If you get frustrated over auditors’ reviews of your claims, you aren’t alone. A caller to CMS’s Jan. 7 Open Door Forum questioned whether CMS is just performing fishing expeditions, finding practices guilty until proven innocent—and one CMS official explained why.
“Observation management codes, if they’reless than eight hours, they don’t count,” the caller said. Auditors, however, have no idea about whether submitted observation care codes reflect services performed for less than eight hours or not until they receive the practices’ paperwork. “We always give the information and it’s always legitimate and they keep asking for it, and it’s a real hassle to keep getting this information,” the caller said. “They just keep fishing for it…is that okay? Is that why we’re doing that? I thought we were just looking for the bad actors.”

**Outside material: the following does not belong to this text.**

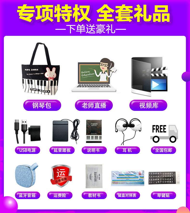 - 88 клавиша+аудио+наклейка на пианино+гарнитура+учебник+оценка фортепиано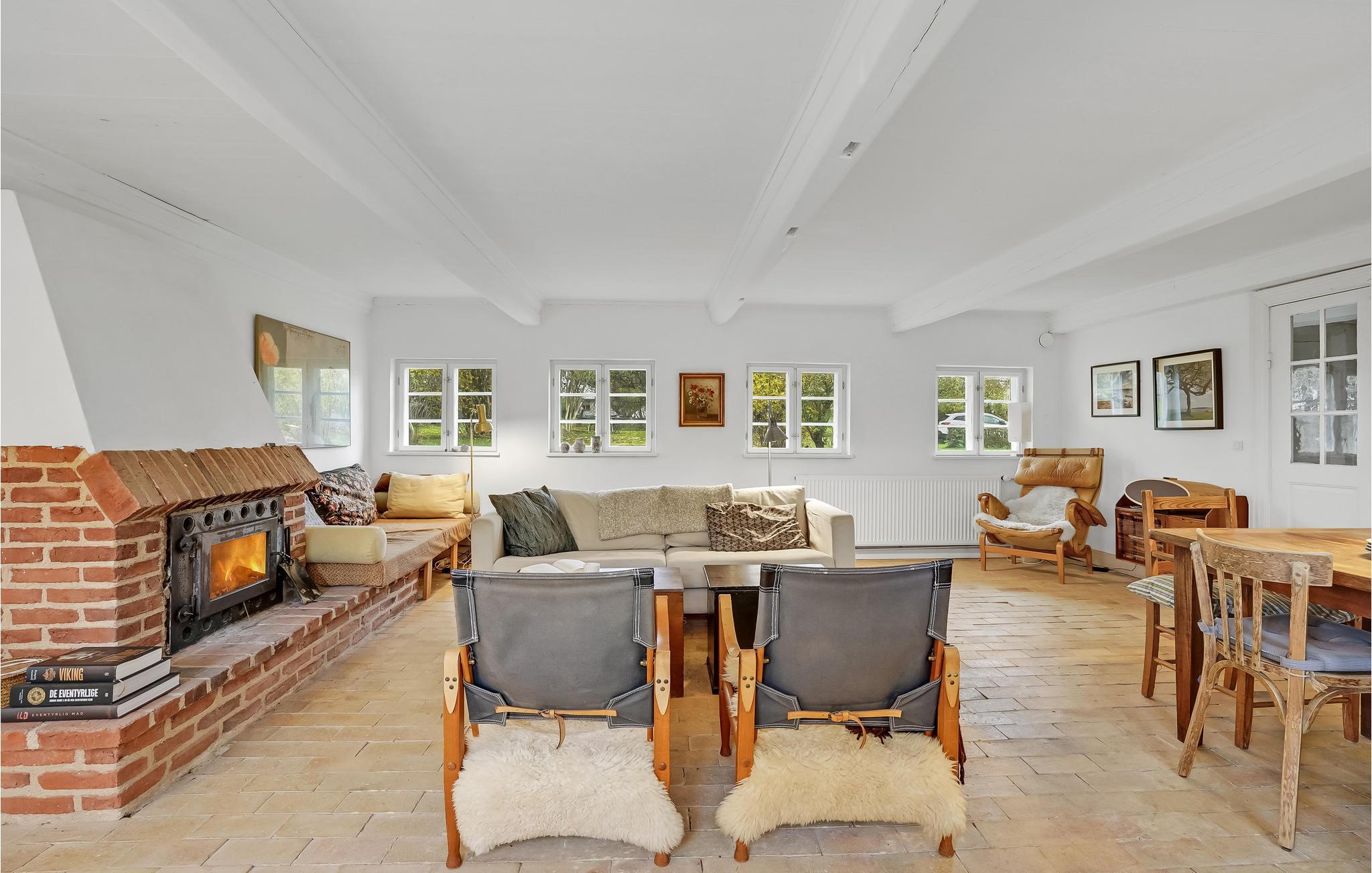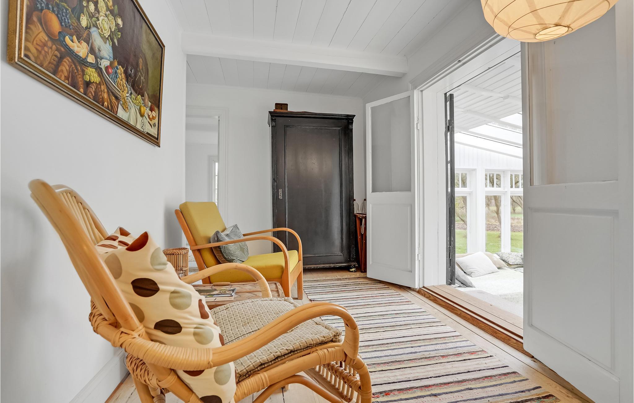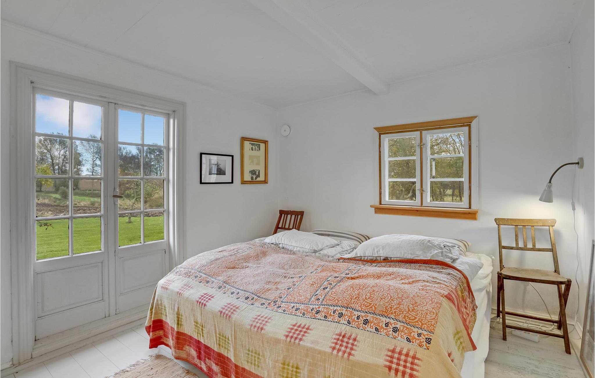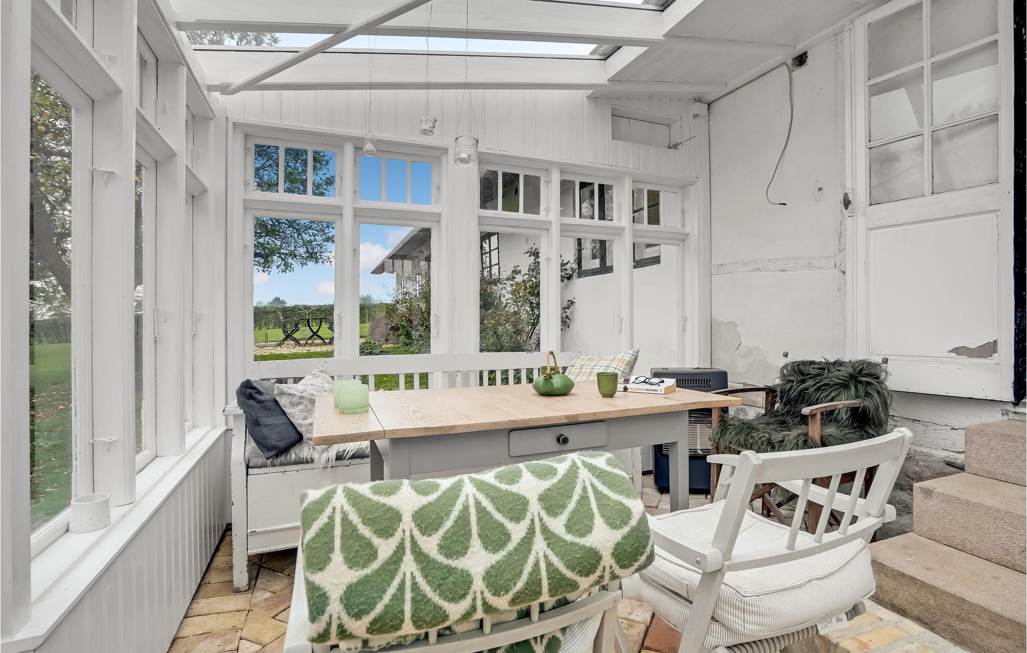 Dette skønne feriehus ligger i landlige omgivelser nær Lollands sydkyst. Udnyt det rummelige, moderne køkken til at lave mad sammen, og tilbring stemningsfulde aftener foran den smukke murede pejs. I finder det perfekte sted til afslappende læsetimer i den smukke udestue, hvor I af og til kan lade blikket vandre ud over omgivelserne. Den store have byder på flere gamle træer og hyggelige siddepladser, der inviterer jer til at slappe af og nyde livet. Sæt jer til rette ved havebordet med en kop friskbrygget morgenkaffe eller nyd udsigten over markerne fra bænken – måske kommer der rådyr forbi? Takket være det rummelige grønne område bliver haven helt sikkert et populært sted for børn at lege.

“We are looking for the bad actors,” responded CMS’s William Rogers, MD, who acknowledged that as a physician he always wishes it were easier to submit information when auditors request it, but as a CMS official, “to see the amount of erroneous and fraudulent billing going on, it’s just unbelievable.”
“Unfortunately, we can use the types of technique that credit card companies use to look for aberrant patterns, and that’s helpful,” Rogers said. “But to a certain extent some of it just has to be brute force asking for information and looking for problems that don’t pop up when we look at billing aberrancies and it is a huge hassle for you, but like all rules, if everyone was honest we wouldn’t need these rules and our lives would be much simpler.”
“Unfortunately,” Rogers added, “there are a whole lot of people who are either not reading the instructions or are intentionally defrauding the taxpayer and we are held responsible for those payments,” he said. “Of course there is a cost to the taxpayer so we don’t want to do it excessively.” So CMS must stick to a balance, which can be frustrating for practices but is a necessary evil.